Pixel

This page describes the implementation of the Pixel backend in core/simulate/src/pixelsim.cpp, core/simulate/src/pixelsim_impl.cpp and core/simulate/src/cudapixelsim.cpp.

It intentionally avoids repeating the numerical derivations. For the PDE, units and discretization details, see Pixel simulator and Maths.

CPU backend

State layout

PixelSim builds two runtime object lists:

  • one SimCompartment for each simulated compartment

  • one SimMembrane for each membrane that has reactions and touches at least one simulated compartment

Each SimCompartment stores flattened voxel-major arrays, so the state for voxel ix and species is lives at ix * nSpecies + is in conc, dcdt and the Runge-Kutta work buffers.

If the model reactions depend on time and/or on the spatial coordinates, the extra variables are appended to every voxel state in this order:

  • time if needed

  • x, y, z if needed

That padding is created once in the constructor and then carried through the same symbolic evaluation path as the real species.

Compartment reactions

The compartment-local reaction path is built in two steps:

  1. ReacExpr constructs one right-hand-side expression per species from the model reactions in that compartment, plus any optional time/x/y/ z variables.

  2. SimCompartment compiles those expressions into a common::Symbolic object so that each voxel update becomes a direct sym.eval(...) call.

At runtime, PixelSim::calculateDcdt() evaluates each compartment in this order:

  1. evaluateReactionsAndDiffusion() or evaluateReactionsAndDiffusion_tbb()

  2. membrane contributions

  3. spatiallyAverageDcdt() for non-spatial species

  4. applyStorage() or applyStorage_tbb()

Inside SimCompartment, the reaction contribution is the first pass over the voxel state. evaluateReactions(begin, end) overwrites the corresponding slice of dcdt with the compiled reaction result for each voxel.
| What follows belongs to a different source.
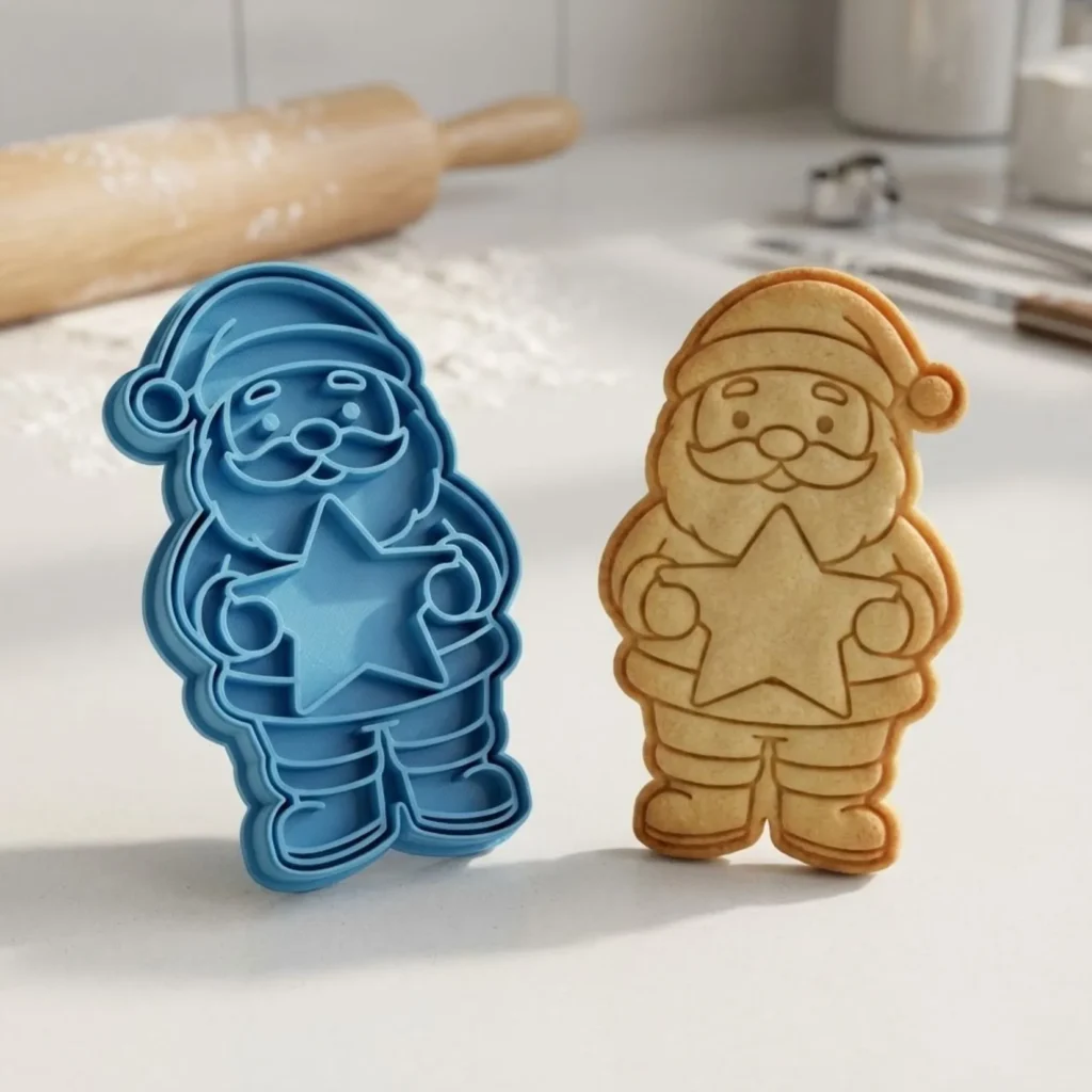 Kit Cortador + Carimbo com pegador traseiro para facilitar o uso. Produzido em PLA biodegradável com acabamento premium para cortes precisos. Perfeito para biscoitos, pasta americana, massinha e artesanato.

The later diffusion and membrane passes add onto the same dcdt entries.

The diffusion pass is separate because it uses the compartment topology (up_x(), dn_x() and friends) rather than the symbolic reaction system. The implementation has two variants:

  • a fast uniform-diffusion stencil when every species has a uniform diffusion constant

  • a face-averaged conservative stencil when diffusion varies per voxel

If cross-diffusion is enabled, SimCompartment adds two extra passes:

  • evaluate the cross-diffusion coefficients from symbolic expressions

  • apply the cross-diffusion stencil and update the explicit stability bound

Zero-storage species reuse the same evaluation path. Before every Runge-Kutta stage, solveZeroStorageConstraints() repeatedly calls the compartment and membrane evaluators, then relaxes only the zero-storage species until the residual is below the configured error tolerances.

Membrane reactions

SimMembrane implements membrane reactions as per-face updates into the two adjacent compartments.

During construction it:

  • builds the variable list as [species in A][species in B][extra vars]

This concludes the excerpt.